Maplehurst Farms sought to recover from Travelers Insurance Companies and other insurers environmental cleanup costs it incurred after an underground storage tank it installed on property it later sold to Dean Foods Co. leaked petroleum constituents in 2000. Maplehurst settled with Dean’s regarding costs in December 2002, but the company did not give notice to its insurers until March, April, and May 2003. When it learned of the environmental issues, Maplehurst tried to locate its insurance information but had difficulty doing so because so many people who had been with the company when it was still operating were now deceased.  

Travelers denied coverage of the Indiana Department of Environmental Management claim, citing among other things, lack of timely notice of claims and that Maplehurst had paid out money on claims to Dean’s without its consent. The trial court found Travelers breached its duty to defend under its policy and that the case was distinguished from Dreaded, 904 N.E.2d 1267 (Ind, 2009), because Travelers refused to defend Maplehurst once tender was made. In Dreaded, St. Paul Guardian Insurance agreed to defend Dreaded for the time after it received notice, but not prior to that.

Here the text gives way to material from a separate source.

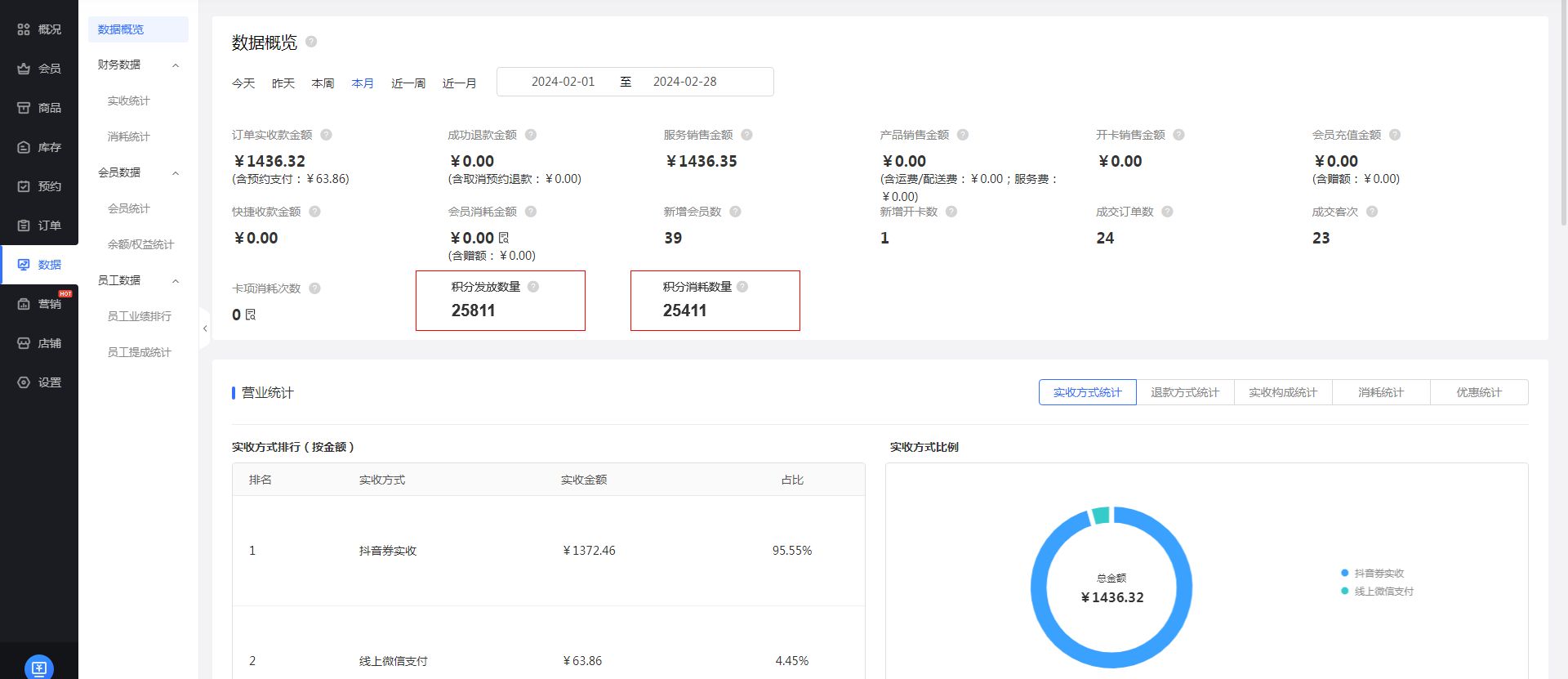 1、数据概览新增“积分发放数量”“积分消耗数量”数据

The trial court’s ruling also noted that Dreaded determined that delayed tender may be “legally excused” in certain circumstances and that the ruling didn’t discuss or address indemnity costs.

In Travelers Insurance Companies, et al. v. Maplehurst Farms, Inc., et al., No. 49A04-1006-PL-394, Judges John Baker and Cale Bradford reversed, finding the lower court’s order directing Travelers to reimburse Maplehurst for the pre-notice, pre-tender costs is contrary to the fundamental holding in Dreaded that such costs cannot be recovered.

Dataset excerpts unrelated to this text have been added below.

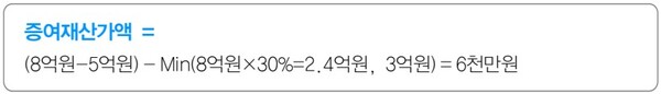 매수자(자녀 기준) 증여세=딸은 양도자(부모)로부터 시가보다 적은 가액으로 주택을 매수하였기 때문에 상속세 및 증여세법 제35조에 의거하여 증여세를 부담할 수 있습니다. 일단, 증여재산가액(증여세 과세가액)은 시가와 대가(매수가액)와의 차이에서 시가의 30%와 3억원 중 적은 금액을 빼서 계산하며, 증여재산가액은 6천만원이 됩니다.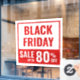 Huge Black Friday store sale window cling in red and white for a retail location or business. Featuring modern bold typography to make potential customers see it from afar. The example is 50x50 inch but you can choose any size you need.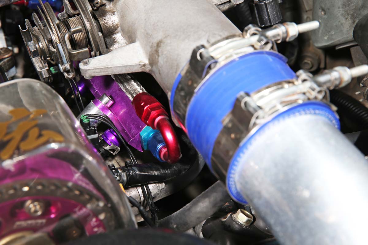 | 供油系統更是相當重要的環節,除了噴油嘴與調壓閥外,怪物等級的車輛通常都會換上「加大油軌」這項部品,主要目的就是提升燃料容量,才有辦法對應大號噴油嘴瞬間需要的噴射效率。 |

“Granted, when an insured is late in providing notice of a claim and the insurer responds by denying all coverage, prejudice to the insurer caused by the late notice is a potentially relevant consideration as to the insurer’s post-notice obligations. However, regardless of the relevance that prejudice plays in the context of post-notice obligations, an insured is not entitled to recover pre-notice costs. Simply put, an insurer’s duties under the policy do not arise unless and until the insurer has knowledge of the claim,” wrote Judge Baker.

Judge Melissa May dissented, declining to adopt the majority’s “apparent premise” that after Dreaded, reasonableness is no longer a permissible consideration in the analysis of late-notice disputes. This premise is inconsistent with Miller v. Dilts, 463 N.E.2d 257, 265-66 (Ind. 1984), and nothing relied on by the majority in Dreaded suggests that reasonableness must, should, or can be disregarded, she wrote.

The majority reversed and found Travelers’ to only be liable for the costs and expenses under the insurance policy that Maplehurst incurred after it gave notice of the claim. The judges also upheld the denial of Maplehurst’s requests for attorney fees.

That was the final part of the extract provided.